A few months ago I purchased a new condo in downtown Montreal, and took possession of my first home determined to make it a livable space that reflected my incredible personality (umm.. yeah). I was immediately faced with the task of both conjuring up a vision of the space I would like to live in and then transforming this into activity that would deliver this vision in the real world. One of the most interesting challenges was the selection of color. What colors, hues, shades and textures would transform my clinically white walls into the sort of design genius I kept seeing in all the interior decorating magazines?
Yep, first world problems.
I discovered as I thought through my color problem that the terms “warm” and ”cool” take on an altogether different meaning far from measurements of temperature (preferably in Kelvin). Yet these terms disconnected as they are from their scientific meanings were intuitive in conveying their significance even to my non-design brain. This led me to think about how subtle and yet powerfully useful our intuitions are in conveying meaning.
While I won’t even pretend to be expert at dissecting the linguistic implications of our intuitions, I will submit that this form of intuitive understanding does seem (in common practice at least) to fill a gap in our language in a rather elegant way. The problem (yes you knew this was coming) occurs however when we attempt to apply the same comfortable intuition to other concepts. When we ask “why” questions for example we have an intuitive feel that all “why” questions make sense. Our evolutionary success is a direct result of tying causality and agency to events in nature and we therefore assume the logic of “Why?” with the same comfortable “warm color” description intuitions that guide other parts of our lives.

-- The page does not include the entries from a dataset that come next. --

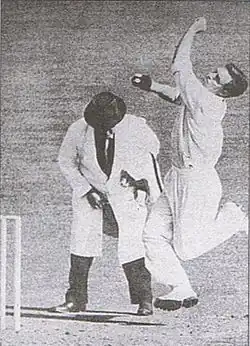 Lindwall, widely regarded as one of the greatest fast bowlers of all time, bowled with a classical and artistic side-on bowling action. David Frith wrote that "there was a balance, rhythmic run, a build-up" and an "ecstasy" in his smooth delivery action.[8] Richie Benaud said that Lindwall was "technically the best fast bowler" that he ever saw.[9] During the 1950s, Lindwall's action was copied by young children and a number of first-class Australian bowlers, including Ron Gaunt, John Power and Barry Fisher consciously copied his action.[8] Alan Davidson, who succeeded Lindwall as Australia's pace spearhead, labelled him as "the best fast bowler I ever saw".[106] Lindwall's childhood hero Harold Larwood rated Dennis Lillee to be equal to Lindwall "but not ahead of him".[106] Following Lindwall's tour of England in 1953, his English counterpart Alec Bedser said that Lindwall was "the best fast bowler I've seen, because of his variety and control".[106] Lindwall was particularly known for his trademark outswinger, which swung late and at high pace. Fred Trueman believed that Lindwall's ability to simultaneously swing the ball and at such pace and accuracy was matched only by himself and Wes Hall.[106] Frank Tyson wrote that "he appears to be just jogging his fifteen yards up to the stumps – until the last couple of strides of his approach, when he suddenly explodes into his delivery stride...when he releases the ball, his bowling arm is so low that it borders on the round-arm".[107] Lindwall's ability to swing the ball at high pace allowed him to repeatedly breach the defences of his opponents; of his 228 Test wickets, 98 were bowled and another 31 were leg before wicket.[11] Lindwall's repertoire was reinforced with a dangerous yorker and bouncer, and changes of pace.[106] As Tyson said "who is not 'Lindy's bunny' when he slots his yorker in the right spot?".[108] In 1952 he developed an inswinger and then coupled it with his yorker,[61] which homed into the feet of batsmen at high pace.[74] Denis Compton said that Lindwall had the subtleties of a slow bowler, saying that he "raised what is considered to be the labouring force of cricket [fast bowling] to an artform with his tactical shrewdness, control and variations".[74] Lindwall's emergence after the Second World War along with his new ball partner Keith Miller heralded a new era in cricket. The pair were regarded as the two best fast bowlers of their era, and signalled a change in the cricket landscape, which had been dominated during the interwar period by batsmen.[11] Together the pair formed a new ball fast-bowling combination regarded as one of the best in Test history.[8] During the 1948 tour of England, the hosts had agreed to have a new ball available every 55 overs, and the Australians used this to unleash Lindwall and Miller on the Englishmen with a shiny new ball. The pair often targeted the leading opposition batsmen, particular England's Len Hutton and Denis Compton with large amounts of short-pitched bowling, raising fast bowling to a new standard.[11][109] Hutton's battles with Lindwall were regarded as one of the key match-ups in Anglo-Australian battles of the time, and Hutton said his opponent had the ability to "strike at will".[106] Hutton felt that Lindwall's bouncers were the best that he faced, saying of their accuracy:"You had to play them or be hit".[11] Lindwall refused to bowl bouncers at tailenders, saying that "If the day ever came when I have to bowl bouncers at tailenders then I won't deserve to play for Australia".[110] When England developed quality pace bowlers of their own in the 1950s, Hutton was captain and he implemented a similar strategy to that executed by Lindwall and Miller.[11] In retirement, Lindwall went on to mentor Lillee,[11] who went on to break the Test world record for wicket-taking.[111]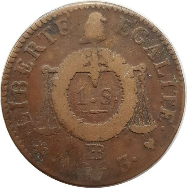 FRANCE 1 SOL AUX BALANCES 1793 BB (Strasbourg) 11gr36 TB+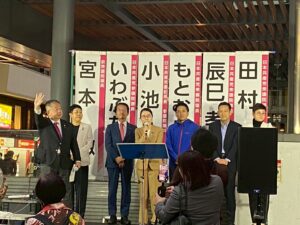 夕方、国会議員団で議員定数削減反対の街宣を行いました。
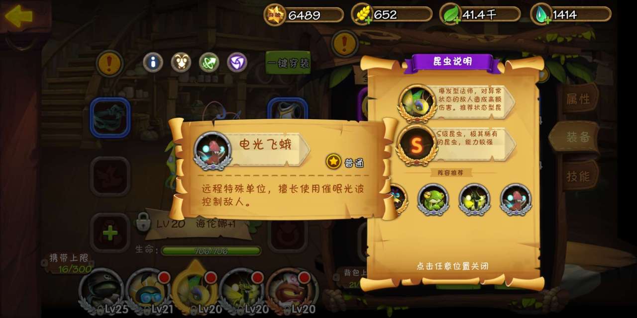 除了带有寄生效果的荧光飞蛾以外,还有擅长施加催眠效果的电光飞蛾。这两种飞蛾都是远程攻击的虫虫,能够与海伦娜打出很好的配合。

It seems to me that this atavistic need for detecting agency persists against our better logic, tens of thousands of years after our earliest battles with nature began. It is not easy therefore to posit that perhaps not all things are backed by a why? Furthermore it seems that philosophical why’s almost automatically imply (in fact demand) an intelligent agency? Could it be possible that there need not be some philosophical “why” for things to be? I am the first to admit that as intellectually nourishing answers go, this is one of the calorically emptier ones I can think of. Like most people I lived under the belief for a good part of my life that there is an implicit meaning to existence. A “Why?” whose answer could perhaps be spiritually divined or mathematically derived depending on one’s personal leanings.
But just as colors aren’t really hot or cold, could the insistence that there MUST be a reason for the existence of something rather than nothing, simply be, a trick of the mind disguised as something real and useful?
I am not making an assertion that all philosophical why’s are an illusion or that they have no place in our lives, rather I am merely observing that they don’t seem to be necessary at all to make things work. Planets orbit, stars explode and Galaxies die with a regularity that does not seem to hinge on the existence of any philosophical “why?” In the absence of intelligent life in the universe which surely was the case billions of years ago were the laws of nature reason enough? If so who are we to insist on more? You may well ask if this is just a rewording of the belief that the material is all there is? Perhaps, but in the absence of evidence to the contrary – this seems to be the most prudent and so far only useful position to hold.
In case you are wondering, my apartment evolved into two shades of blue: Hale Navy and Philipsburg blue to be exact (Sherwin Williams HC-154 and HC-159 for you kids keeping count). Much to my amusement the first person to observe my wall painting masterpiece remarked: “Your apartment is quite warm now!” I doubt that anyone can reduce our ability to use our native intuitions to communicate in this way to some mathematical form (which isn’t to say it can’t be done) but the truth is that this ability to abstract is useful precisely because it seems math would fail, here at least, to convey an emotional reality. The danger however is that this same intuition leads us so comfortably to assumptions about the need for philosophical causal explanations in a way that cannot readily be justified by evidence.
We must consider, if we are to be honest, if ascribing a “Why” to existence is no more than our describing the universe as a “warm color.” It seems an intuitive question to ask, but when examined under the cold light of logic (see how useful “warm” and “cold” are?) it really seems to be nothing more than a shortcut to understanding the nature of reality. I would argue however that the consequences to assuming this question’s validity by employing the same intuitions I used to paint my walls, can be considerably high.
After all I can always repaint my walls HC155 and HC160, whatever those are. I’m not sure I can say the same about the mistakes society makes, when it asks the wrong questions about reality.